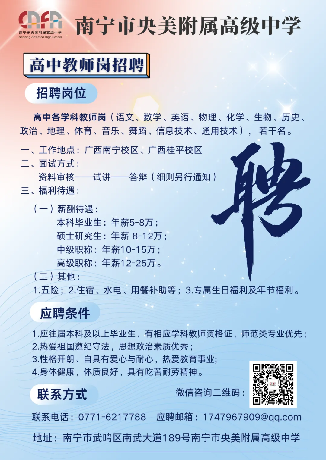 2025年南寧市央美附屬高級(jí)中學(xué)教師招聘公告
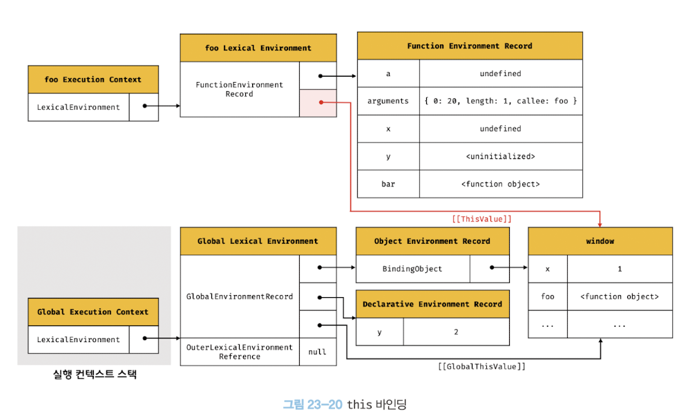 - foo 함수는 일반 함수로 호출 => this = 전역 객체 => [[ThisValue]] 내부 슬롯에는 전역 객체를 바인딩
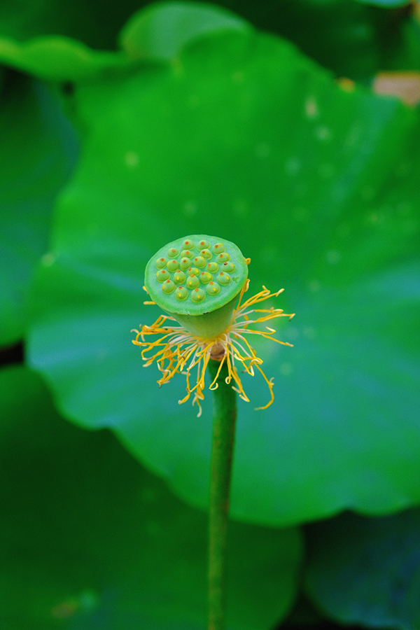 夏風(fēng)輕輕拂過(guò)“害羞”的小蓮蓬,翠綠的荷葉層層疊疊,錯(cuò)落有致。
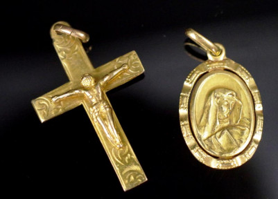 includes: marked 9ct gold Crucifix 1.78 grams, 18ct yellow gold Madonna marked 750 1.29 grams -
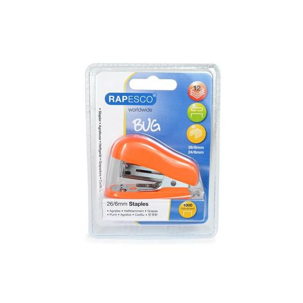 Zošívačka, 24/6, 26/6, 12 listov, RAPESCO "Bug Mini", oranžová
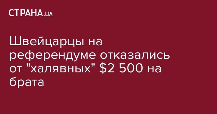 Швейцарцы на референдуме отказались от "халявных" $2 500 на брата
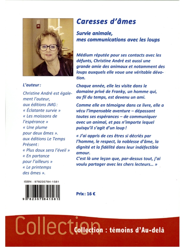 Médium réputée pour ses contacts avec les défunts, Christine André est aussi une grande amie des animaux et notamment des loups auxquels elle voue une véritable dévotion. Chaque année, elle les visite dans le zoo de Franky, un homme qui, au fil du temps, est devenu un ami. Comme elle en témoigne dan
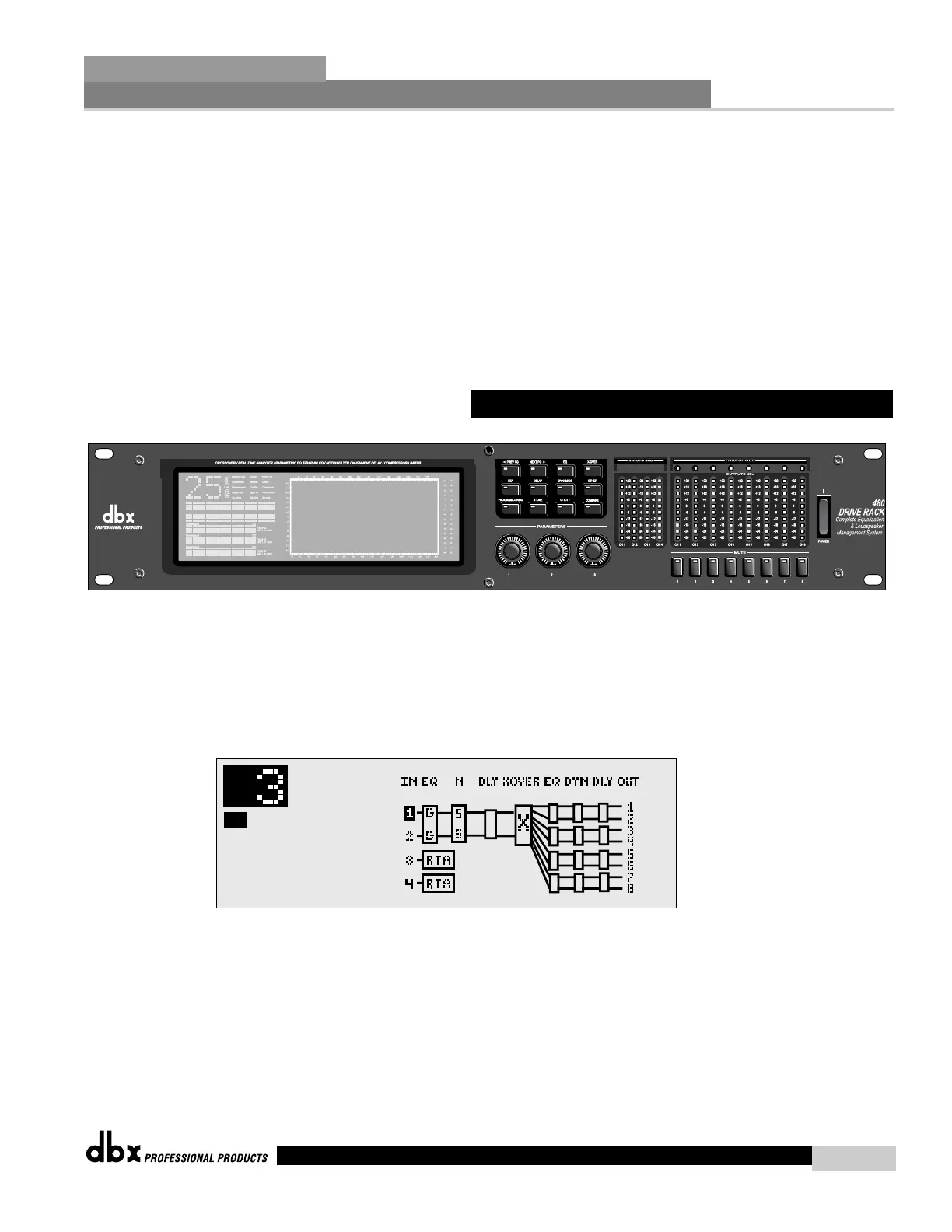 information of the DriveRack™ including: signal routing, configuration modes, effect block edit-
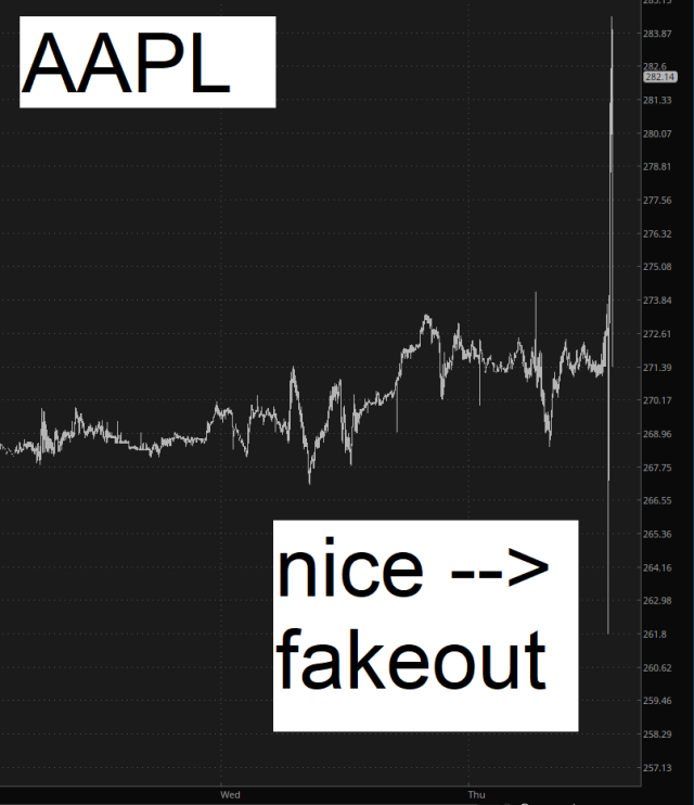 After the close, we’ll wrap up – – sadly – -the last two cool earnings announcements of this cycle. Indeed, for the entirety of 2025, only NVDA’s report (in a month) will break the boredom. Looking at these two, Apple and Amazon, it seems to me AAPL is best poised for more strength while AMZN is vulnerable to weakness.
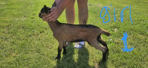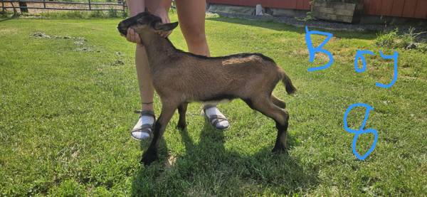 Alpine/Oberhasli/Toggenburg cross dairy goat kids. Buckling and doelings available. Around 10 weeks old, just weened, eating grain and hay well. All have been disbudded. ***Doelings all have been...
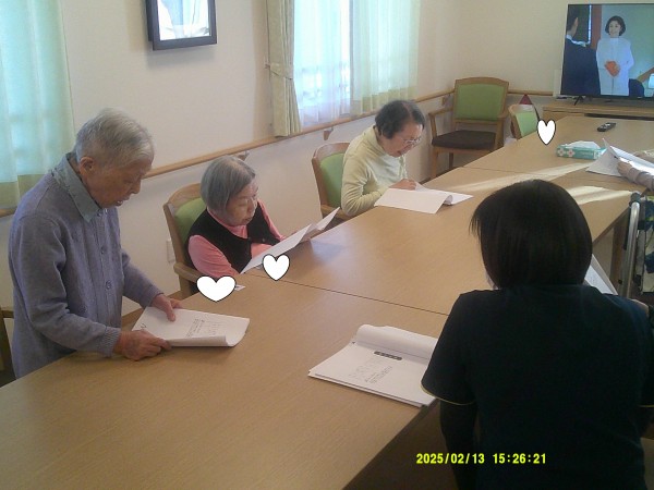 入居者様皆様で楽しく懐かしい歌や皆様が知っている歌を多く歌いました(^^)/
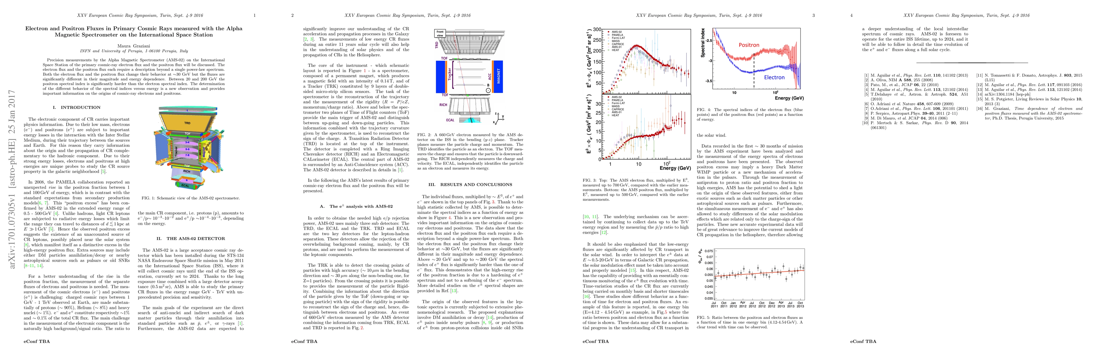 The Alpha Magnetic Spectrometer (AMS-02) on the International Space Station has measured the primary cosmic-ray electron and positron fluxes, revealing distinct spectral behaviors beyond a single power-law spectrum. Notably, both fluxes change behavior at ~30 GeV, with positrons showing a significantly harder spectral index than electrons between 20 and 200 GeV.

========================================================================

Once the line with "After the close, we’ll" is found, write out that line and every later line of the listing above exactly, through the last one, and skip any pictures.

 After the close, we’ll wrap up – – sadly – -the last two cool earnings announcements of this cycle. Indeed, for the entirety of 2025, only NVDA’s report (in a month) will break the boredom. Looking at these two, Apple and Amazon, it seems to me AAPL is best poised for more strength while AMZN is vulnerable to weakness.
 Alpine/Oberhasli/Toggenburg cross dairy goat kids. Buckling and doelings available. Around 10 weeks old, just weened, eating grain and hay well. All have been disbudded. ***Doelings all have been...
 入居者様皆様で楽しく懐かしい歌や皆様が知っている歌を多く歌いました(^^)/
 The Alpha Magnetic Spectrometer (AMS-02) on the International Space Station has measured the primary cosmic-ray electron and positron fluxes, revealing distinct spectral behaviors beyond a single power-law spectrum. Notably, both fluxes change behavior at ~30 GeV, with positrons showing a significantly harder spectral index than electrons between 20 and 200 GeV.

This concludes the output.